### RECORDS FOR PROCESSING ###

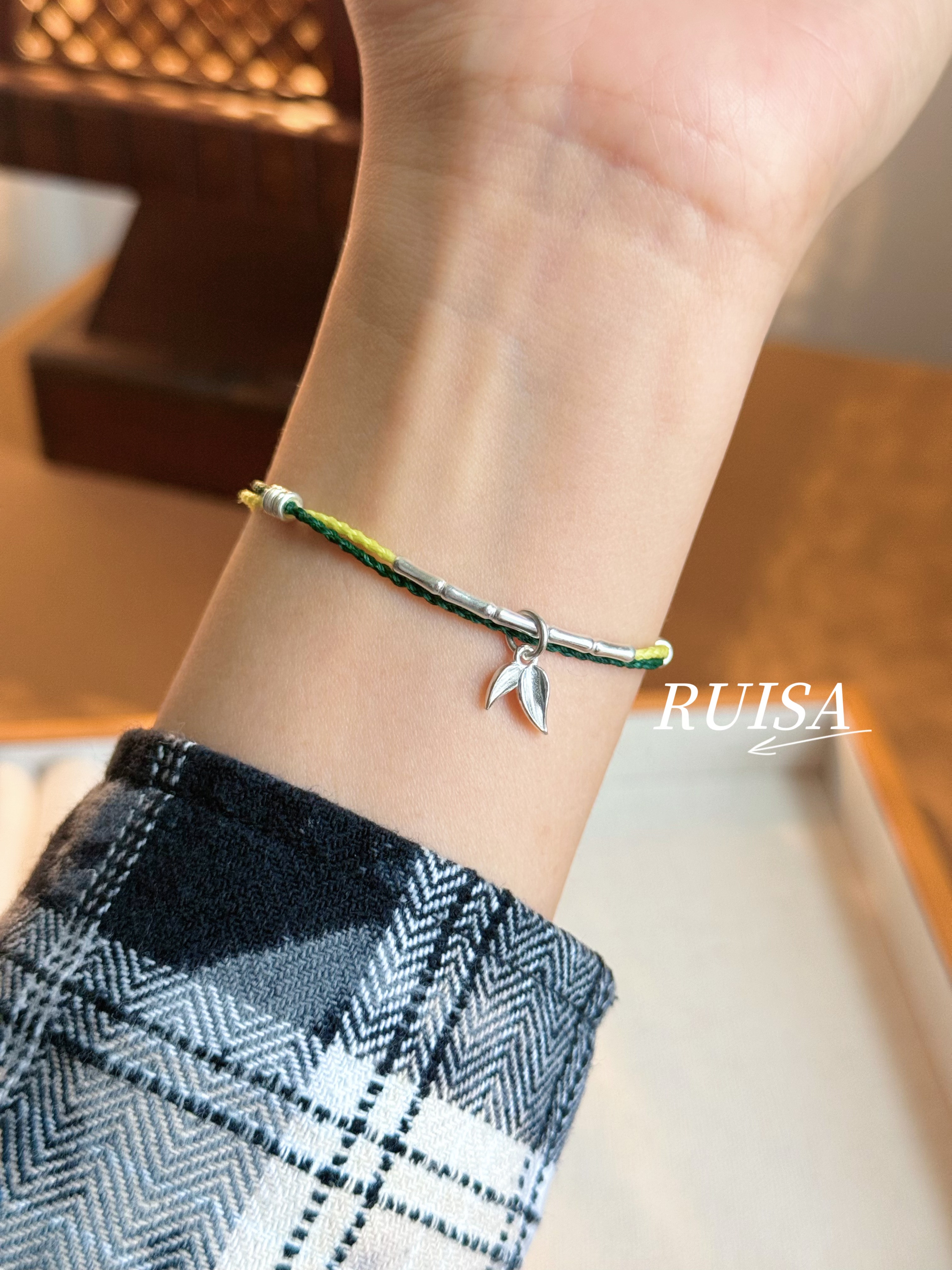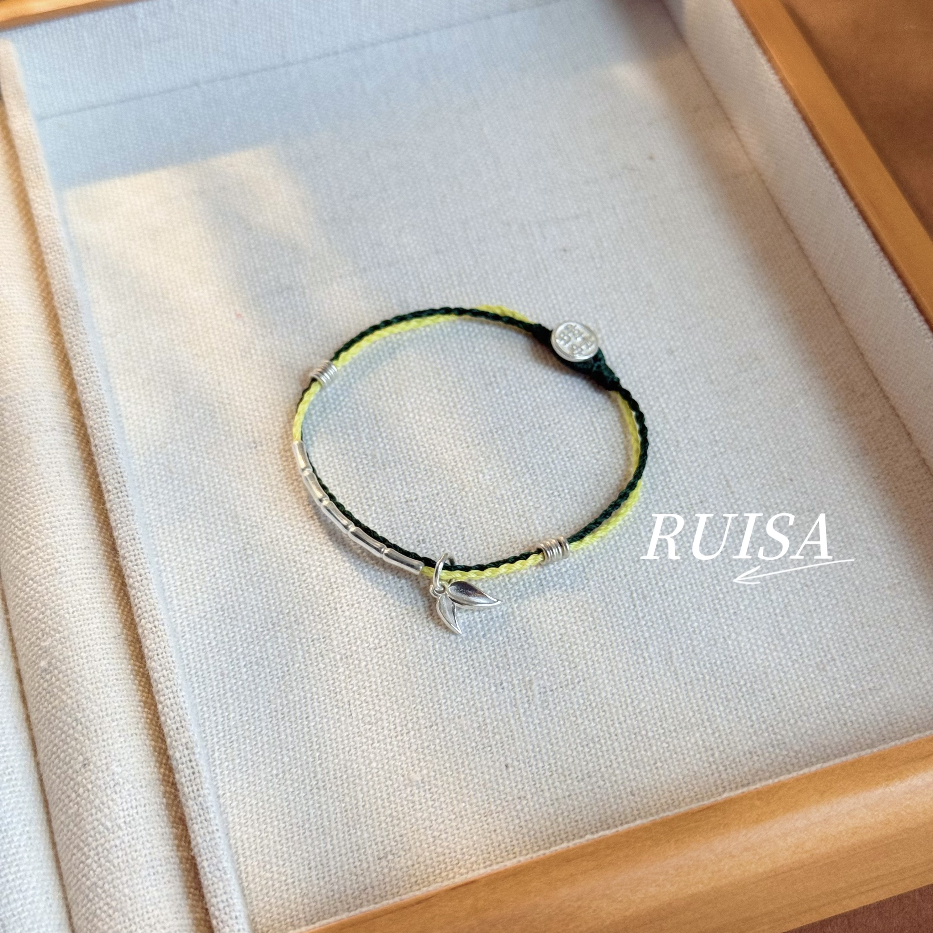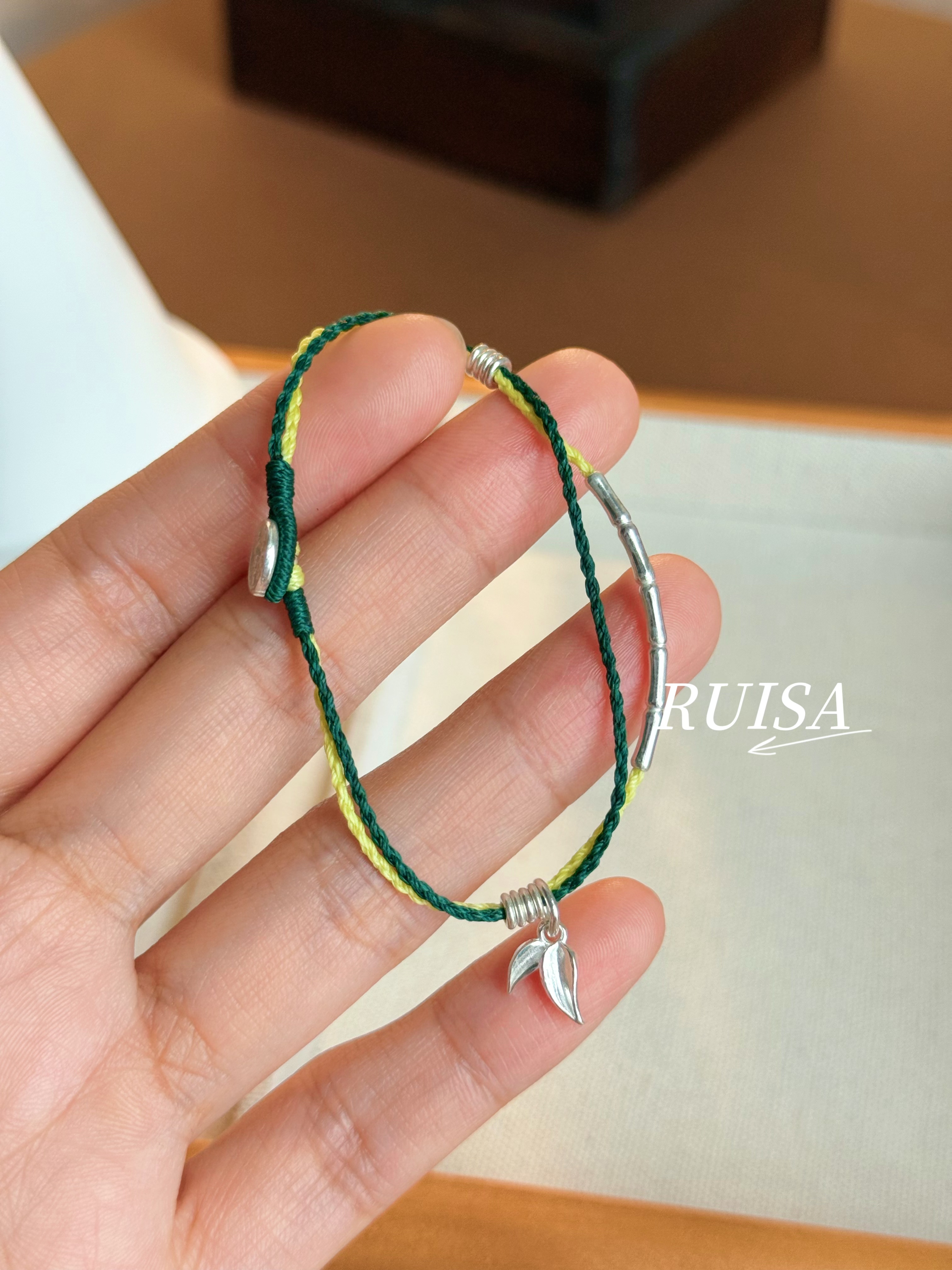 Ruisa'Green Bamboo' Sterling Silver Bracelet, Niche Design, Versatile Bracelet, Ultra-Fine Wax Cord, S999 Bamboo Leaf Pendant
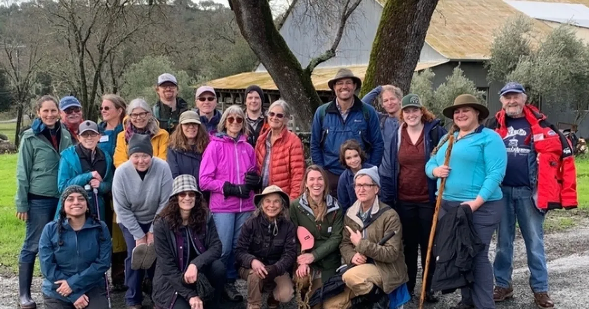 Participantes del Taller de Administración Forestal del condado de Napa posan para la fotografía durante un recorrido en persona. Fotografía por Kim Ingram.
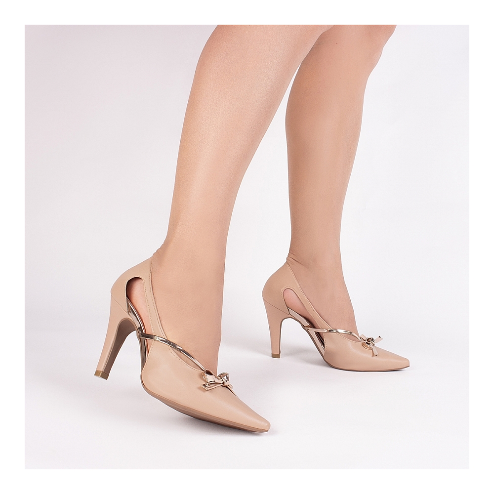 Scarpin Rosê Salto Alto com Laço Metalizado Características: – Material: Napa Rosê com detalhes em Metalizado Specchio Rosê – Enfeite: Laço decorativo em Metalizado Specchio Rosê – Palmilha: 8 mm de espessura, com espuma em EVA, revestida em Metalizado Specchio Rosê e taloneira em Napa Bege – Salto: Fino com 9 cm de altura, revestido em Napa Rosê – Solado: PVC com antiderrapante na cor Bege Dicas de Limpeza e Conservação: – Limpe com pano macio levemente umedecido em sabão neutro, evitando fricção direta sobre o material metalizado para não comprometer o brilho. – Armazene o scarpin em local seco, arejado e sem incidência direta de sol ? saquinhos de tecido são ideais para preservar a napa e o Specchio. – Use hidratante apropriado para napa sintética nas áreas lisas e flanela seca nas partes metalizadas para manter o brilho delicado e uniforme.
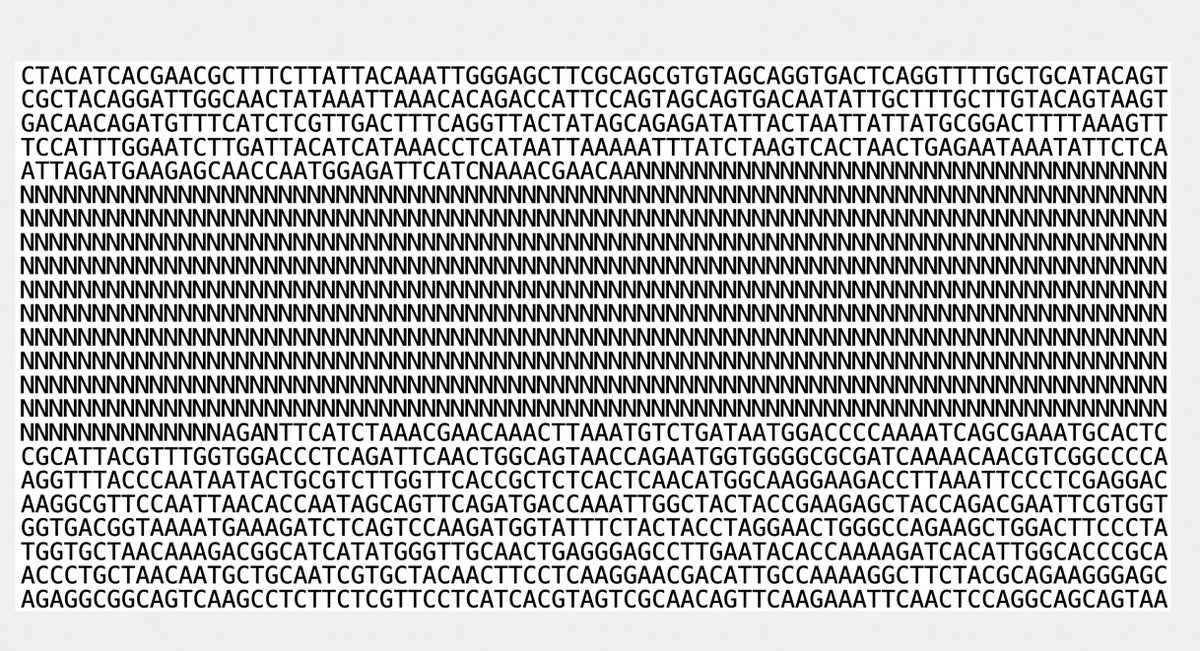 Similarly, using the NIH’s BLAST (Basic Local Alignment Search Tool), sequences from various labs appear remarkably similar, with near-identical stretches of NNN’s. (Some sequences, mostly from labs known for less-than-perfect sequencing, differ somewhat.) 30/45
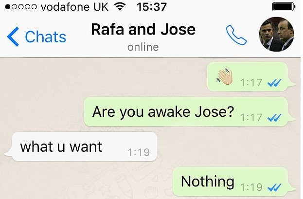 Ceritanya, Benitez susah tidur lalu ia menghubungi Mourinho melalui WhatsApp. "Apa kamu masih bangun Jose?" tanya Benitez. Mou rupanya juga tidak bisa tidur sehingga mereka pun bercakap-cakap.
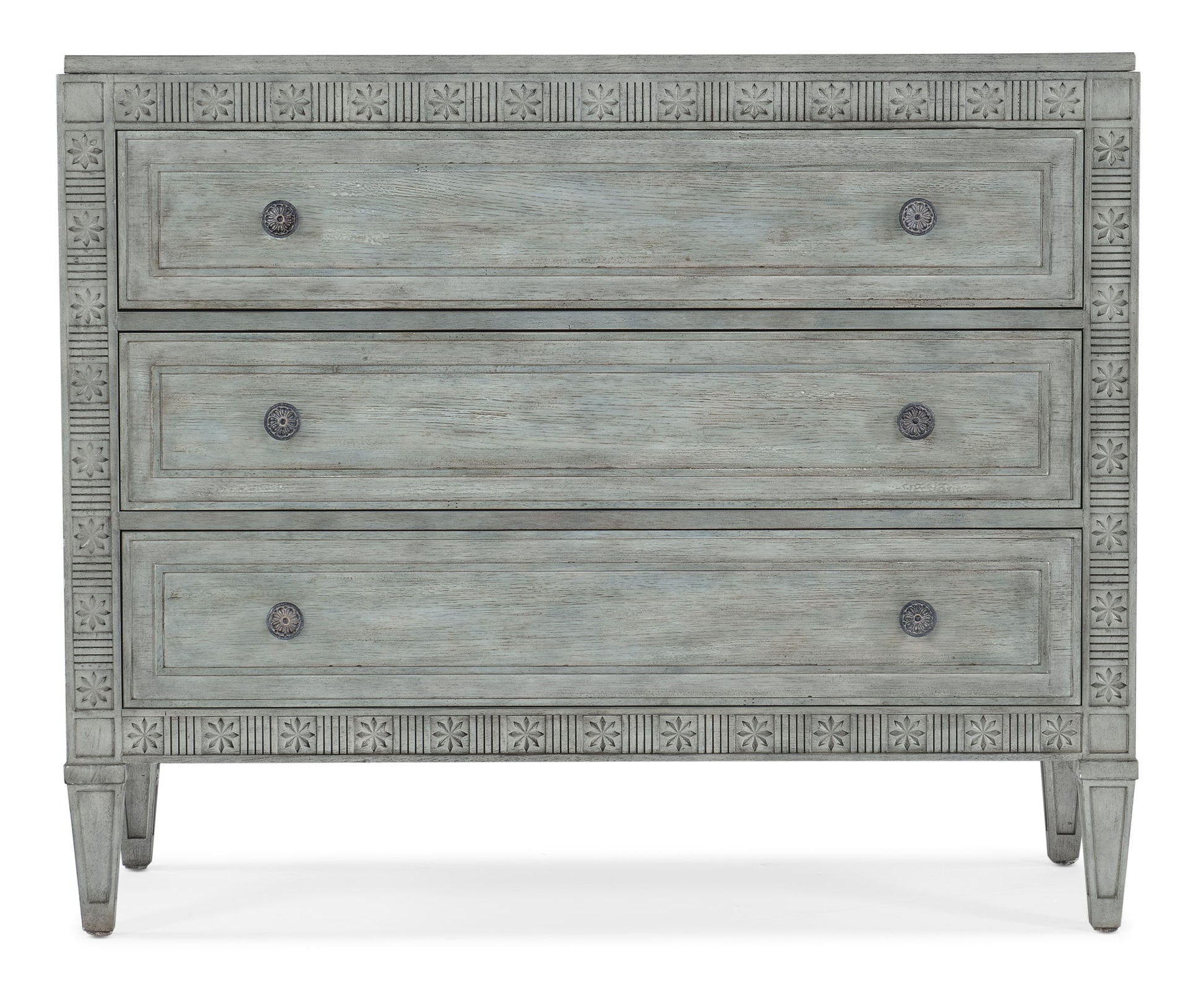 Capturing the vintage charm of the coastal South, the Charleston Three-Drawer Accent Chest has carved floral fretwork accents and tapered legs. Crafted of Maple Veneers with a Solid-Wood Edge top, it is finished in Waterscape Blue, a transparent blue-green coloration allowing you to see the natural grain of the wood. The 3 self-closing drawers have an interior to match the exterior. The antique pewter round knobs have decorative white hangup accents.

###

A verbatim copy of the data, free of pictures, is the expected answer.

▸ **ANSWER BELOW**
 Ruisa'Green Bamboo' Sterling Silver Bracelet, Niche Design, Versatile Bracelet, Ultra-Fine Wax Cord, S999 Bamboo Leaf Pendant
 Participantes del Taller de Administración Forestal del condado de Napa posan para la fotografía durante un recorrido en persona. Fotografía por Kim Ingram.
 Scarpin Rosê Salto Alto com Laço Metalizado Características: – Material: Napa Rosê com detalhes em Metalizado Specchio Rosê – Enfeite: Laço decorativo em Metalizado Specchio Rosê – Palmilha: 8 mm de espessura, com espuma em EVA, revestida em Metalizado Specchio Rosê e taloneira em Napa Bege – Salto: Fino com 9 cm de altura, revestido em Napa Rosê – Solado: PVC com antiderrapante na cor Bege Dicas de Limpeza e Conservação: – Limpe com pano macio levemente umedecido em sabão neutro, evitando fricção direta sobre o material metalizado para não comprometer o brilho. – Armazene o scarpin em local seco, arejado e sem incidência direta de sol ? saquinhos de tecido são ideais para preservar a napa e o Specchio. – Use hidratante apropriado para napa sintética nas áreas lisas e flanela seca nas partes metalizadas para manter o brilho delicado e uniforme.
 Similarly, using the NIH’s BLAST (Basic Local Alignment Search Tool), sequences from various labs appear remarkably similar, with near-identical stretches of NNN’s. (Some sequences, mostly from labs known for less-than-perfect sequencing, differ somewhat.) 30/45
 Ceritanya, Benitez susah tidur lalu ia menghubungi Mourinho melalui WhatsApp. "Apa kamu masih bangun Jose?" tanya Benitez. Mou rupanya juga tidak bisa tidur sehingga mereka pun bercakap-cakap.
 Capturing the vintage charm of the coastal South, the Charleston Three-Drawer Accent Chest has carved floral fretwork accents and tapered legs. Crafted of Maple Veneers with a Solid-Wood Edge top, it is finished in Waterscape Blue, a transparent blue-green coloration allowing you to see the natural grain of the wood. The 3 self-closing drawers have an interior to match the exterior. The antique pewter round knobs have decorative white hangup accents.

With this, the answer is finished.